Articles
4 June 2020

Malaysia’s export resilience comes to an end

A sharp fall in exports and the widest ever trade deficit suggests the recent relief for the Malaysian ringgit from improving oil prices may not last

23.8%

Export fall in April

Year-on-year

Worse than expected

Electronics and oil dent exports

The resiliency of Malaysian exports seen earlier this year has ended.

23.8% year-on-year export plunge in April was steeper than our -19.0% estimate and consensus of -12.8%. This follows -4.7% YoY growth in March.

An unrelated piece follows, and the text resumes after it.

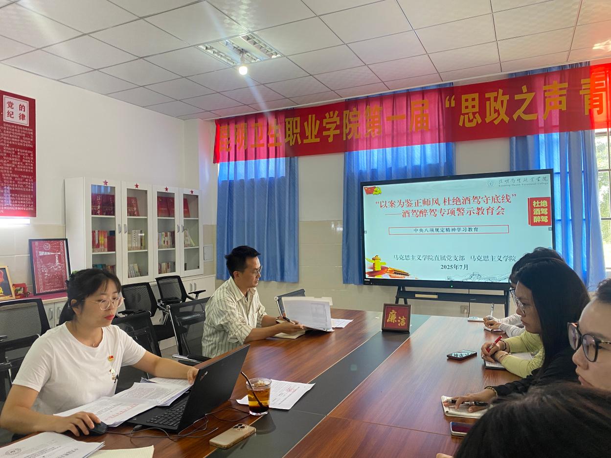 为深入贯彻中央八项规定精神学习教育,严肃纠治违规饮酒问题,强化教师纪法意识与师德师风建设,2025年7月15日,中共昆明卫生职业学院马克思主义学院直属支部委员会召开 “以案为鉴正师风 杜绝酒驾守底线” 酒驾醉驾专项警示教育会。本次会议以支部党员大会扩大会形式举行,参会人员除支部全体党员外,还涵盖学院全体普通教师,由支部书记主持并主讲,马克思主义学院院长作总结强调。

Just like some of its Southeast neighbours’ Malaysian exports held their ground in the first quarter with 1.1% growth but not anymore.

Electrical and electronics - the dominant of all product groups with 38% weight in total exports, remained the main drag with the accelerated decline (-22% YoY vs. -14% in March). And, as we expected, oil and petroleum products exports followed in (-23% vs. +14%), led by a double whammy of global demand slump and low prices.

In terms of destinations, the US and Japan were the weak spots with 31% and 28% fall in shipments, respectively. Bucking the trend, was China with a 4% rise in exports, as a hopeful sign of post-Covid recovery of demand in the biggest export market.

Record trade deficit

Imports also contracted by 8% YoY, though not as bad as consensus expectations of -15.6%. Most product categories posted steeper import falls than in the preceding month, though, oddly enough, transport equipment outshined with 233% jump.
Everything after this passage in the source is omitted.